In this project, the first topic we are curious to analyze is the relationship between body type, age and the single status. Furthermore, by grouping, clustering, and refining the dataset, we want to see if there is a relationship between heights, income and the single status for the second topic. And the third topic we are looking at is text analysis on essay question 2. We hope to provide users some helpful labels which are the pop up words when they are being asked what are you good at. Such text analysis can show information about how people usually sell themselves to potential lovers.
library(tidyverse)
## ── Attaching packages ─────────────────────────────────────────────────────────────── tidyverse 1.2.1 ──
## ✔ ggplot2 3.2.1 ✔ purrr 0.3.3
## ✔ tibble 2.1.3 ✔ dplyr 0.8.3
## ✔ tidyr 1.0.0 ✔ stringr 1.4.0
## ✔ readr 1.3.1 ✔ forcats 0.4.0
## ── Conflicts ────────────────────────────────────────────────────────────────── tidyverse_conflicts() ──
## ✖ dplyr::filter() masks stats::filter()

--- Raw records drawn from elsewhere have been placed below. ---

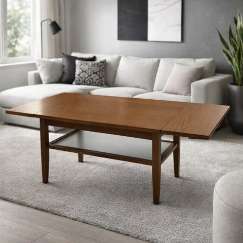 Sofabord i glass med mørkt tre
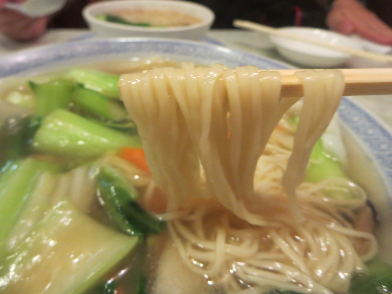 スープの味は薄く感じるかもしれませんが奥深く、使われている素材本来の味が生かされていて丁寧に作られたということが伝わってきますよ。スープには青梗菜と白髪ねぎがトッピングされています。特に白髪ねぎの歯ごたえがいいです。麺は柔らかめにゆがかれています。
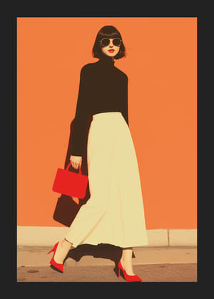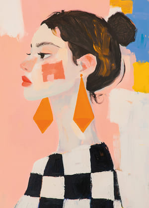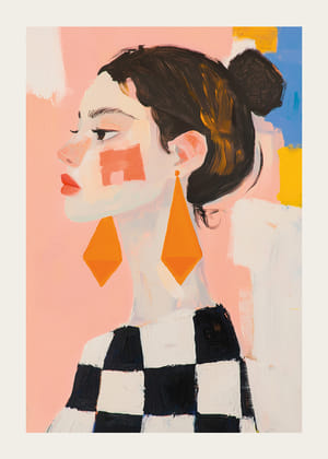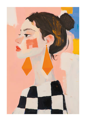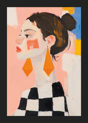 La pared de cuadros ofrece una paleta de colores donde cada cuadro armoniza en un conjunto moderno y elegante. Formas abstractas y retratos llaman la atención, mientras que los vibrantes tonos naranja y rosa se entrelazan, creando una sensación de movimiento y calma. Esta colección transforma la habitación en un lugar inspirador y lleno de energía.
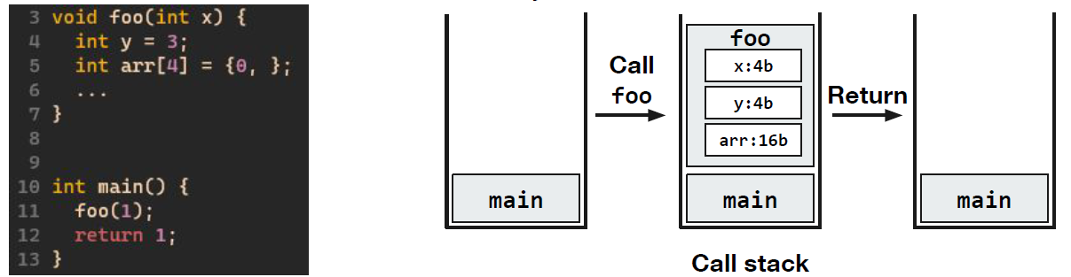 메모리는 선형으로 구성돼있고 컴파일러의 판단으로 특정 부분은 스택 메모리로 사용되고 또 어떤 부분은 힙 메모리, static 메모리로 정하고 사용한다.
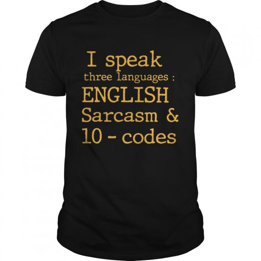 I Speak Three Languages English Sarcasm And 10 Codes shirt, hoodie, sweater, longsleeve and ladies t-shirt
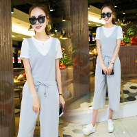 顺崇2018夏阔腿裤套装女韩版修身显高宽裤九分连体裤宽松背带裤两件套潮
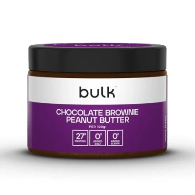 High-quality flavoured peanut butter in chocolate brownie flavour Powered by 27 g protein per 100 g Manufactured exclusively for Bulk and made with premium roasted peanuts Perfect for anyone looking to add more protein into their diet Ideal between meals or to snack on throughout the day
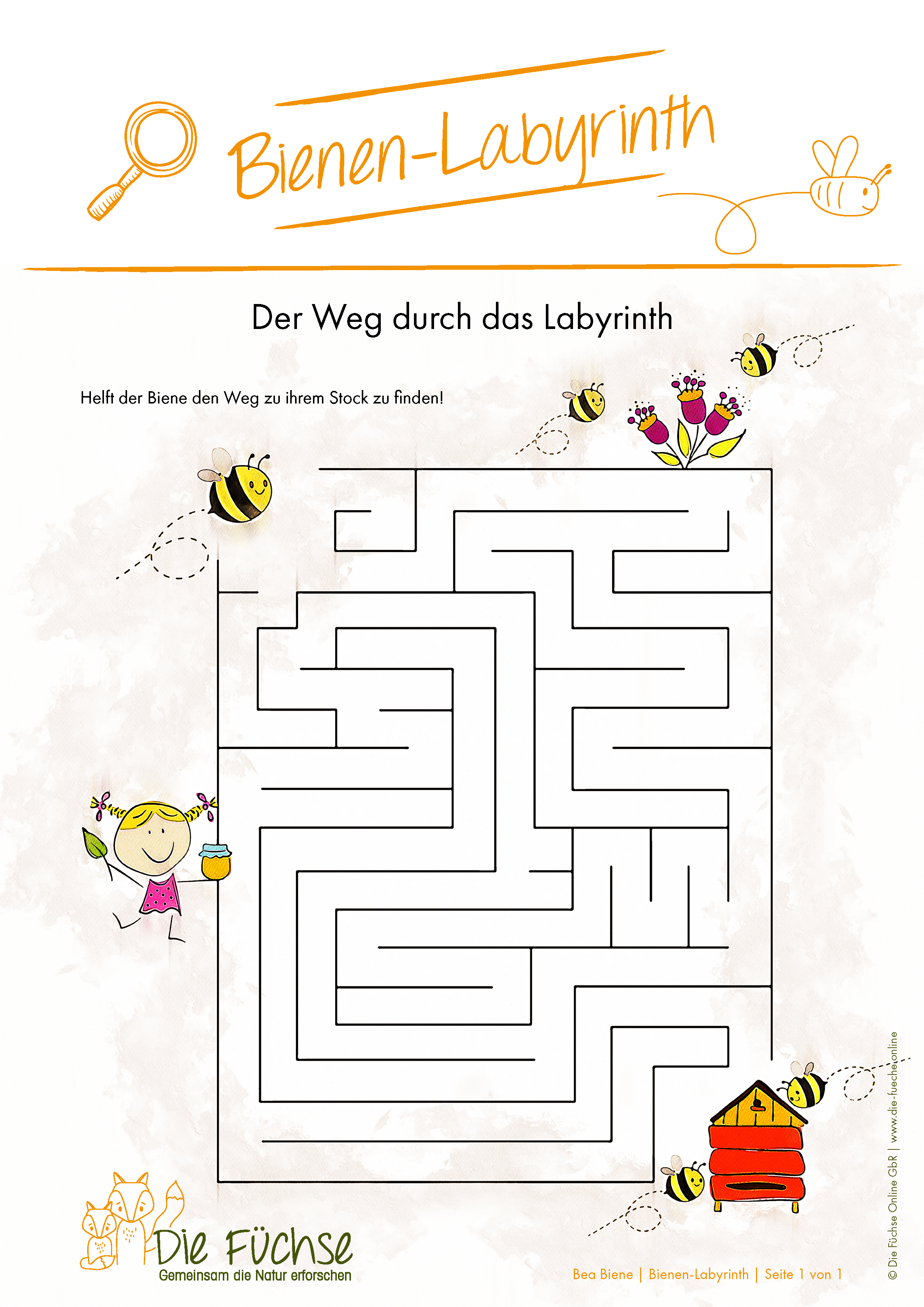 Zum Schluss gibt es noch ein Bienen-Labyrinth für euch, bei dem ihr den Weg zu unserem Bienenstock finden müsst.

## ✖ dplyr::lag() masks stats::lag()
library(ggplot2)
library(sqldf)
## Loading required package: gsubfn
## Loading required package: proto
## Loading required package: RSQLite
okc <- read_csv("https://uofi.box.com/shared/static/oy32nc373w4jqz3kummksnw6wvhfrl7a.csv",
col_types = cols(last_online = col_datetime(format = "%Y-%m-%d-%H-%M"))) #takes about 20 seconds on laptop
colnames(okc) <- tolower(colnames(okc))
original_copy = okc
okc = sqldf("select body_type, age, height, income, status from okc")
okc = sqldf("select * from okc where status = 'available' or status = 'married' or status = 'seeing someone'")

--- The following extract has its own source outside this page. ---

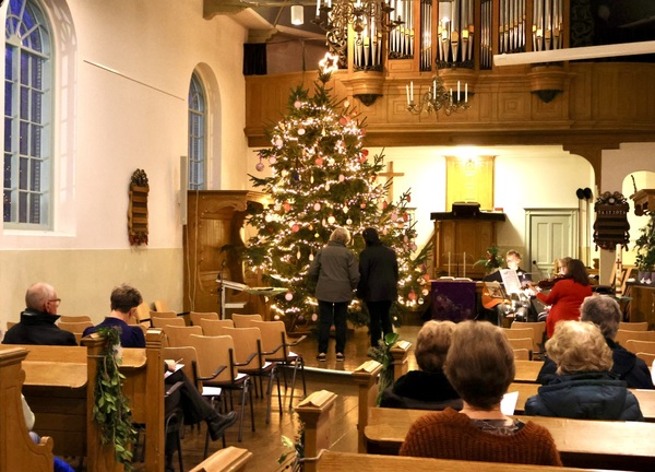 De ynrin mei kryst sing-in justermiddei yn de Johannestsjerke waard goed besocht. De besikers koenen de prachtich fersierde krystbeam besjen, in ymposante beam dy't fol hinget mei krystwinsken...

copy <- mutate(okc, age_group =
ifelse(okc$age %in% 18:23, "18-23",
ifelse(okc$age %in% 24:29, "24-29",
ifelse(okc$age %in% 30:35, "30-35",
ifelse(okc$age %in% 36:41, "36-41",
ifelse(okc$age %in% 42:47, "42-47",
ifelse(okc$age %in% 48:53, "48-53",
ifelse(okc$age %in% 54:59, "54-59",
ifelse(okc$age %in% 60:65, "60-65",
"above 65")))))))))
bar <- ggplot(data = okc) +
geom_bar(
mapping = aes(x = body_type, fill = status), position = "fill",
width = 1
) +
theme(aspect.ratio = 1) +
labs(x = NULL, y = NULL)
bar + coord_flip() + ggtitle("Percentage Distribution of Different Body_type and Single Status")
bar <- ggplot(data = okc) +
geom_bar(
mapping = aes(x = body_type, fill = status),
width = 1
) +
theme(aspect.ratio = 1) +
labs(x = NULL, y = NULL)
bar + coord_flip() + ggtitle("Amount of Different Body Shapes and Single Status")
By first graph, we can see that most people filled out average, fit, and athlete. Although it showed the amount of single status in each body type criteria, it is still hard to provide a conclusion. So let’s look at the second graph, jacked body type seems to be the most amount of married.
library('RColorBrewer')
available <- okc[which(okc$status=='available'),]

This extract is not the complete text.